▶ _RECORDED DATA_
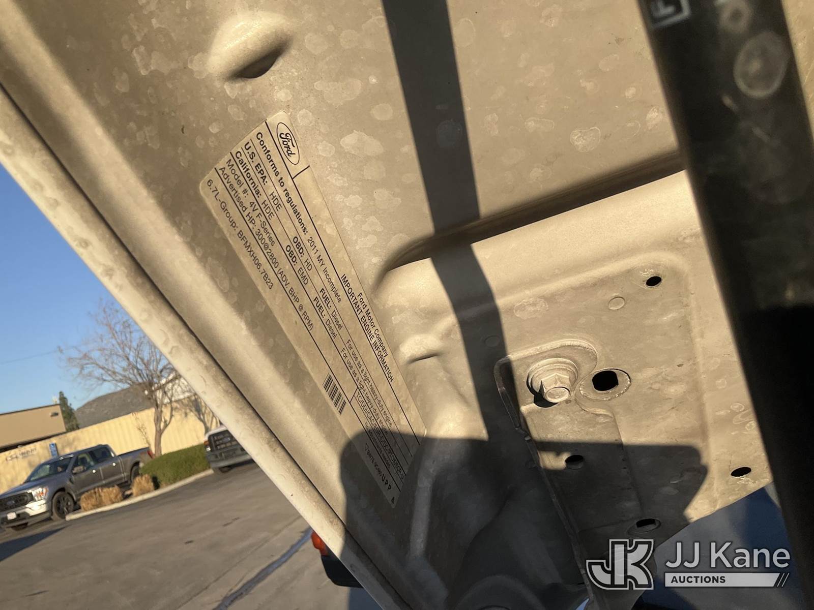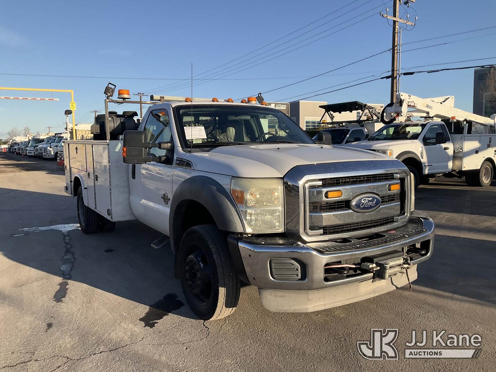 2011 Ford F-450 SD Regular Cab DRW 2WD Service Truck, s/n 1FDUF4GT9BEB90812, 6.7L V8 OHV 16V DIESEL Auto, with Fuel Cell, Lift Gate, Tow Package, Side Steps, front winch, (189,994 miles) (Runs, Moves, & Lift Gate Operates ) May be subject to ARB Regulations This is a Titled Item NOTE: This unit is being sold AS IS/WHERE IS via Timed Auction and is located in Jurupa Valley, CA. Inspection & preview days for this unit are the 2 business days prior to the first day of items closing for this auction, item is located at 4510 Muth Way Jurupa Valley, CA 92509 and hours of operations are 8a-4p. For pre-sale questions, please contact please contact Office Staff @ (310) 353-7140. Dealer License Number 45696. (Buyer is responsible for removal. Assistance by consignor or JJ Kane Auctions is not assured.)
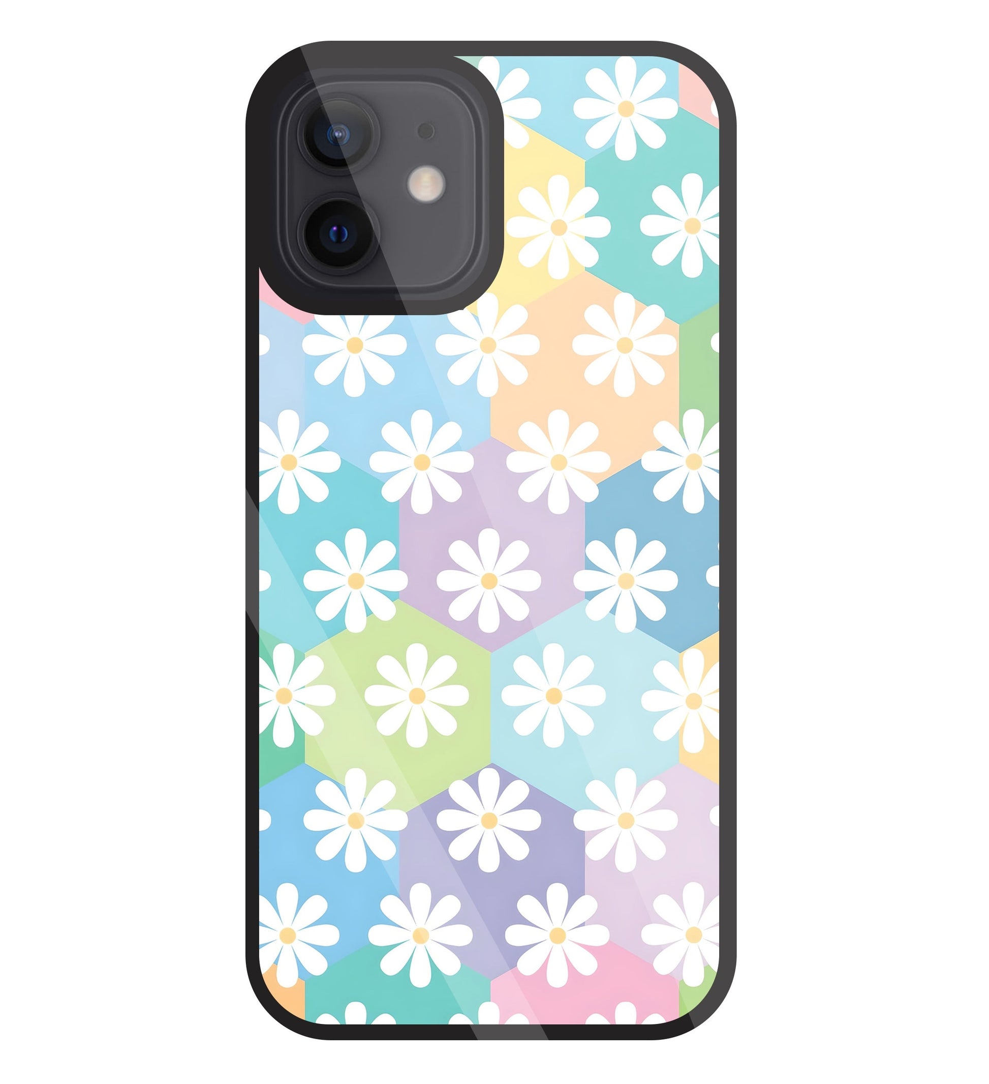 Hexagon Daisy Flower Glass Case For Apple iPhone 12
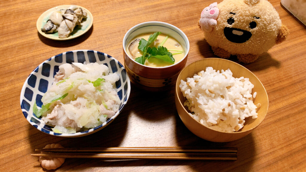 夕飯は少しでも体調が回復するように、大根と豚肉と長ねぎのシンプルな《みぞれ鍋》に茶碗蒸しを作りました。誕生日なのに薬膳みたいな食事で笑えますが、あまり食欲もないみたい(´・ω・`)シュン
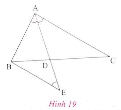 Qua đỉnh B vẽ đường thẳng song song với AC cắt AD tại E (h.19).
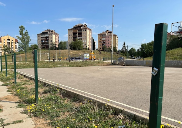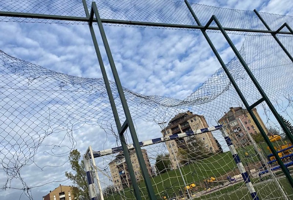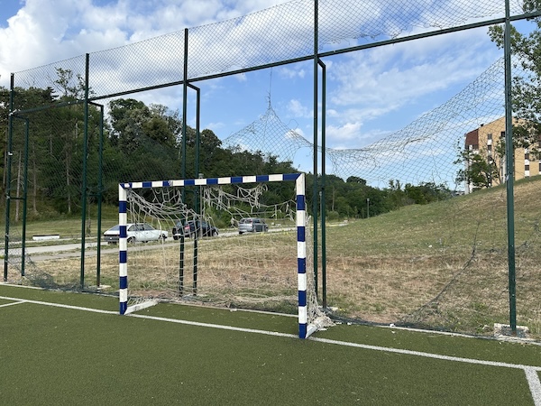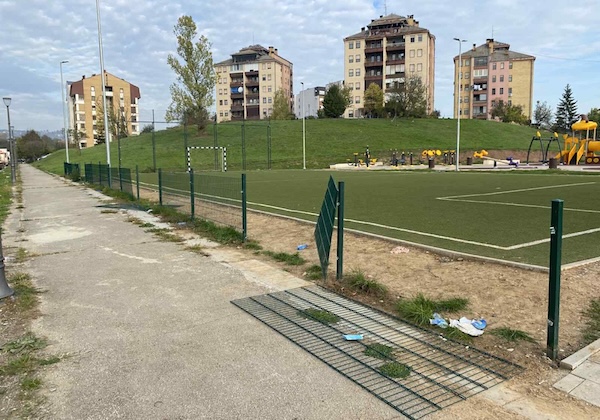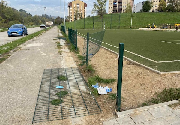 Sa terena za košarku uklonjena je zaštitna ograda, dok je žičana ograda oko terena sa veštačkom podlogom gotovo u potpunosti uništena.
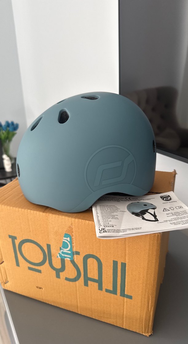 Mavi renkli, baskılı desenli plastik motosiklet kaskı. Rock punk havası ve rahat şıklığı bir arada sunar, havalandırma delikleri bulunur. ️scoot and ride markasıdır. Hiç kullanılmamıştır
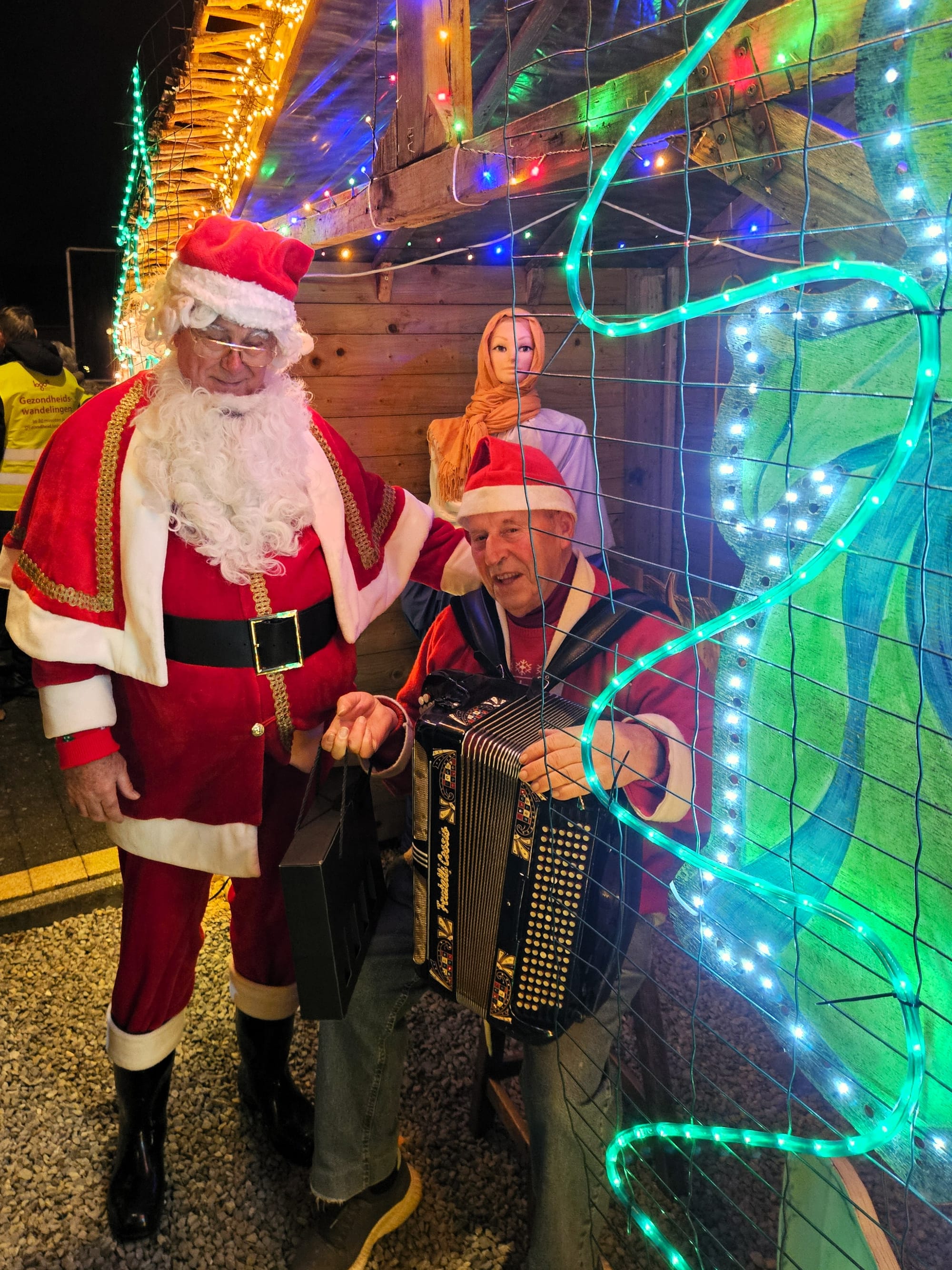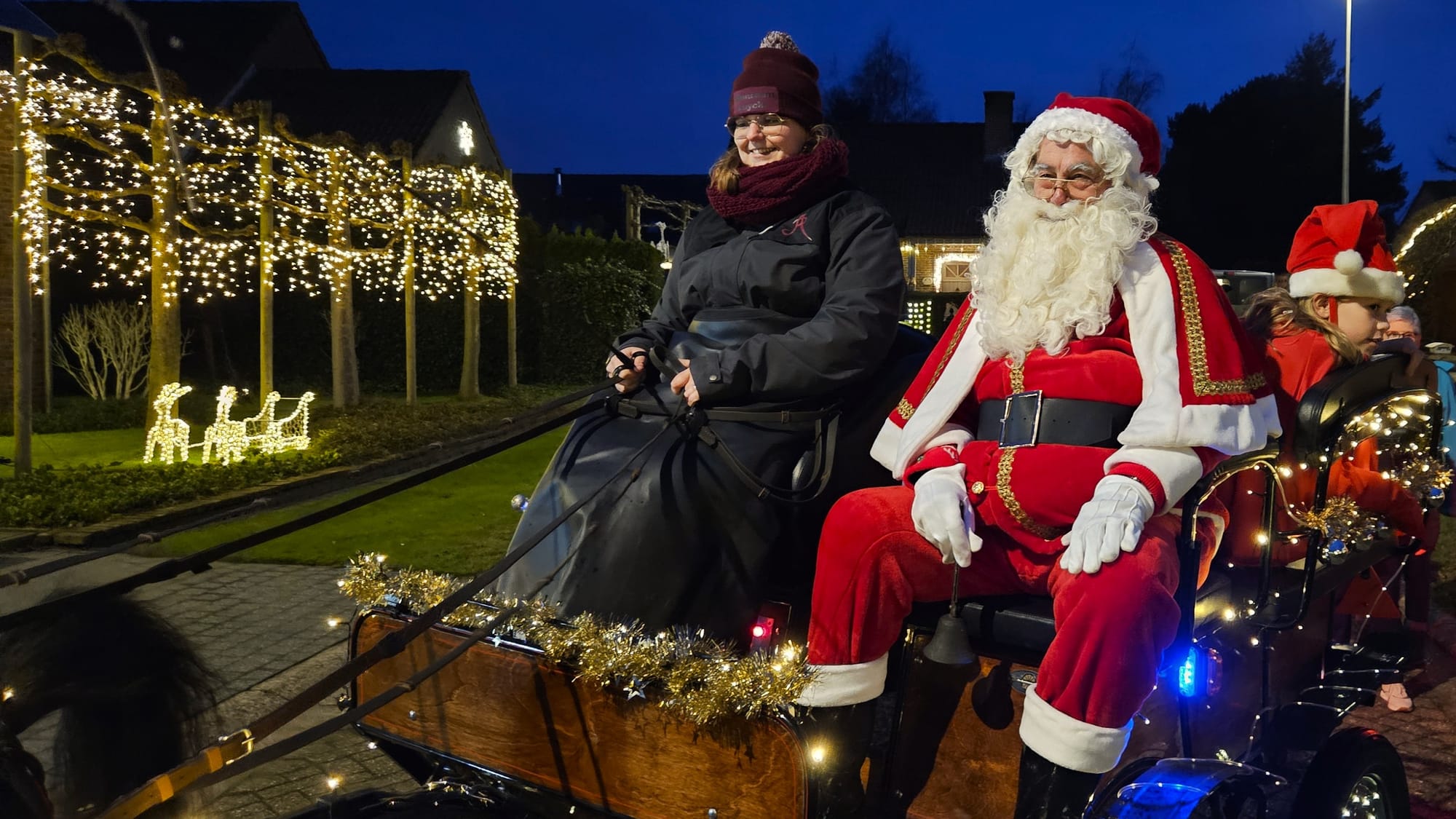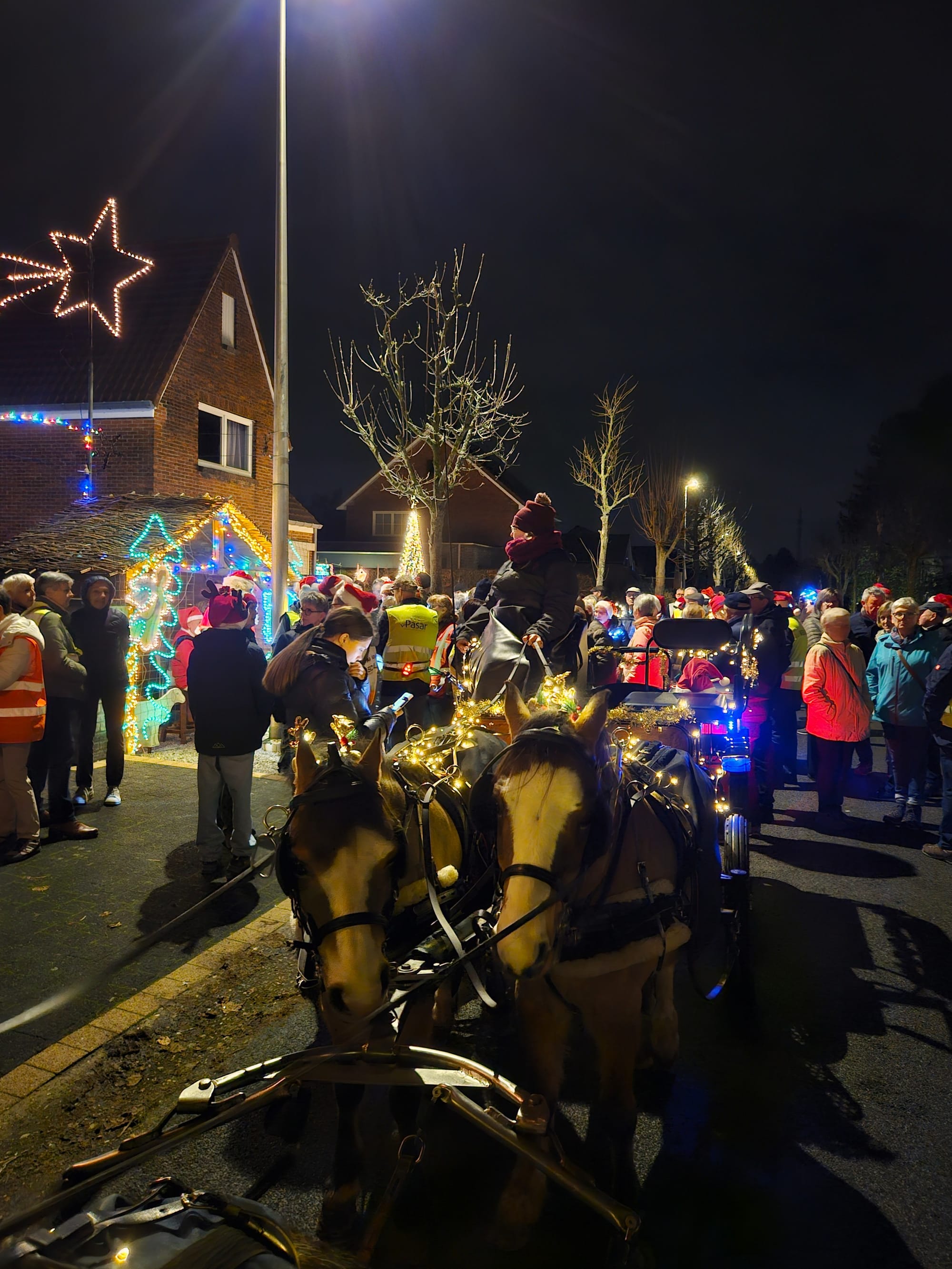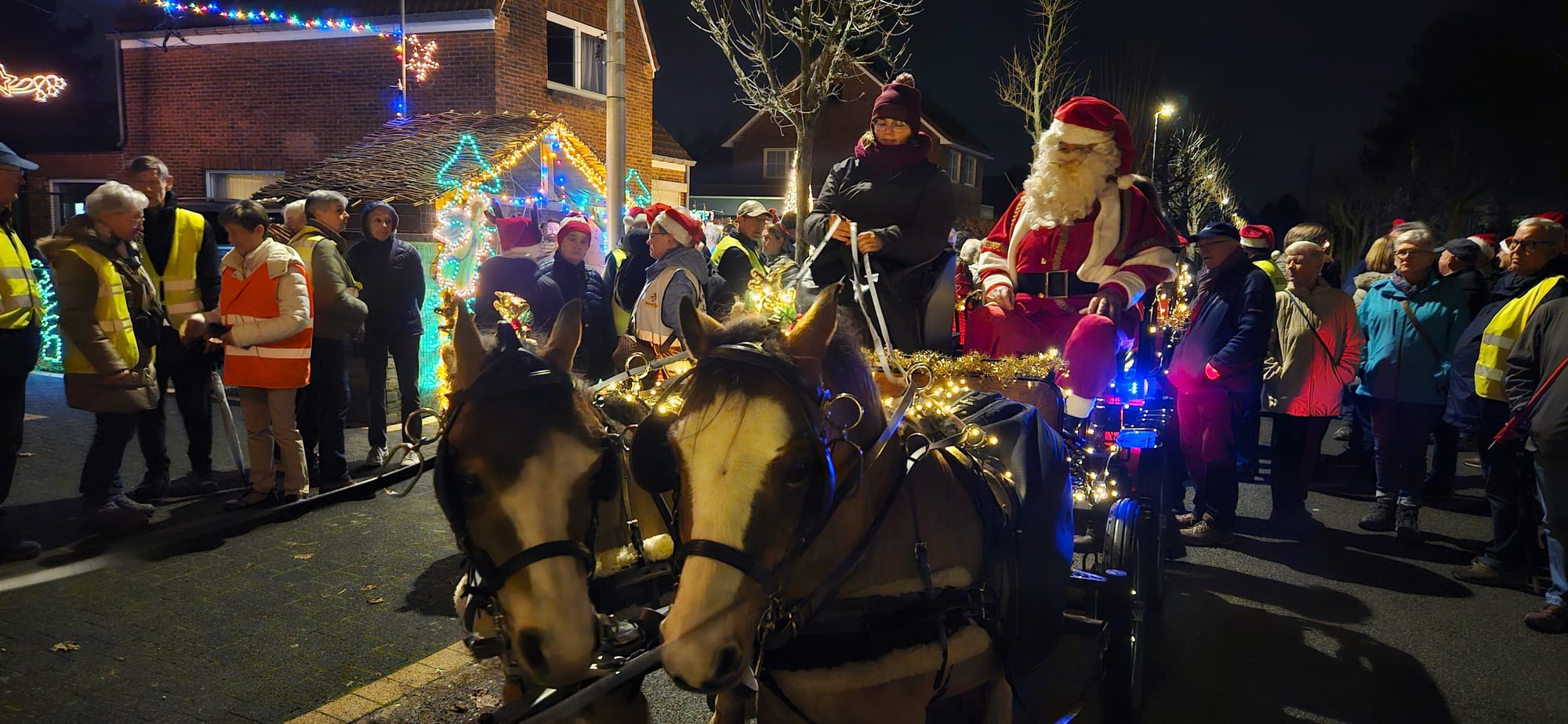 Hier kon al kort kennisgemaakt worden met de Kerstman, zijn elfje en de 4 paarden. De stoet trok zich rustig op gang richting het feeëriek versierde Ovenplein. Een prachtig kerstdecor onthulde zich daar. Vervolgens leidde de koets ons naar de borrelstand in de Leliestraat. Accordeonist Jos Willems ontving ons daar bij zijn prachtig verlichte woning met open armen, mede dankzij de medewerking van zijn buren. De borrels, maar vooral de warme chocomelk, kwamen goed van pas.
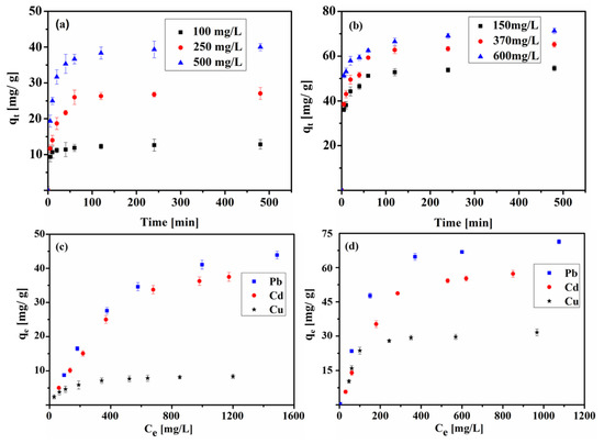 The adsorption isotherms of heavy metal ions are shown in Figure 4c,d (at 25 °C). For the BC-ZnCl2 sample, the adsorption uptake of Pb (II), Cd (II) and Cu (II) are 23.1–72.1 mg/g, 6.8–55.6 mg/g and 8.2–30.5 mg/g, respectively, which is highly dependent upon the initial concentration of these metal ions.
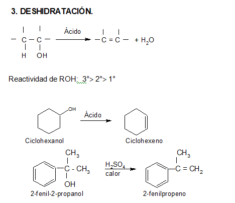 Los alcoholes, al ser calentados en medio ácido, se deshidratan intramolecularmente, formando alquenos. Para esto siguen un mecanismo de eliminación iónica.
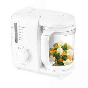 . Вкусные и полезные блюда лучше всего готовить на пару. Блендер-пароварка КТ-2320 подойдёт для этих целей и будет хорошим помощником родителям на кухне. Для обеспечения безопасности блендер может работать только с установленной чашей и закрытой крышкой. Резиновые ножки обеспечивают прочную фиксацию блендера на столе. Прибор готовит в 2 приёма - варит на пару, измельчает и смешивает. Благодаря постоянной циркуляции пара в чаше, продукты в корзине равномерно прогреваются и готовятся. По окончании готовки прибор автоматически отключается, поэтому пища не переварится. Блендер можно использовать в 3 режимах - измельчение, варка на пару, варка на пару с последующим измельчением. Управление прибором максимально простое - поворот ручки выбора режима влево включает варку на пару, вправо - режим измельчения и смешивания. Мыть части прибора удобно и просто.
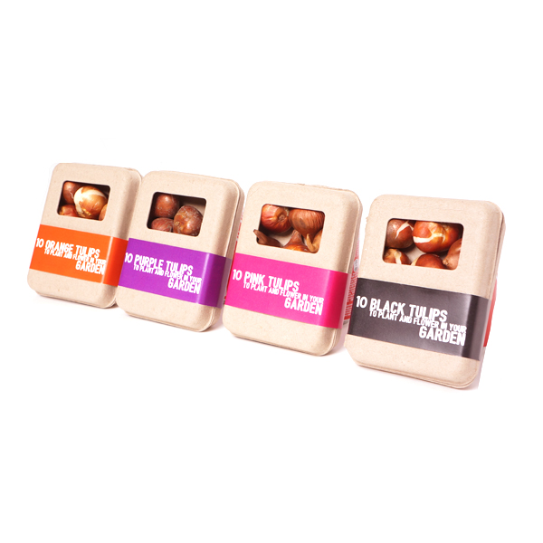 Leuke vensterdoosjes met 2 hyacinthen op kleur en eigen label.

▶ _EXERCISE AIM_
Your response should consist solely of the lines from the line with "The adsorption isotherms" through the last line of the entries above, printed exactly and without pictures.

▶ _OUTPUT FOR THIS EXERCISE_
 The adsorption isotherms of heavy metal ions are shown in Figure 4c,d (at 25 °C). For the BC-ZnCl2 sample, the adsorption uptake of Pb (II), Cd (II) and Cu (II) are 23.1–72.1 mg/g, 6.8–55.6 mg/g and 8.2–30.5 mg/g, respectively, which is highly dependent upon the initial concentration of these metal ions.
 Los alcoholes, al ser calentados en medio ácido, se deshidratan intramolecularmente, formando alquenos. Para esto siguen un mecanismo de eliminación iónica.
 . Вкусные и полезные блюда лучше всего готовить на пару. Блендер-пароварка КТ-2320 подойдёт для этих целей и будет хорошим помощником родителям на кухне. Для обеспечения безопасности блендер может работать только с установленной чашей и закрытой крышкой. Резиновые ножки обеспечивают прочную фиксацию блендера на столе. Прибор готовит в 2 приёма - варит на пару, измельчает и смешивает. Благодаря постоянной циркуляции пара в чаше, продукты в корзине равномерно прогреваются и готовятся. По окончании готовки прибор автоматически отключается, поэтому пища не переварится. Блендер можно использовать в 3 режимах - измельчение, варка на пару, варка на пару с последующим измельчением. Управление прибором максимально простое - поворот ручки выбора режима влево включает варку на пару, вправо - режим измельчения и смешивания. Мыть части прибора удобно и просто.
 Leuke vensterdoosjes met 2 hyacinthen op kleur en eigen label.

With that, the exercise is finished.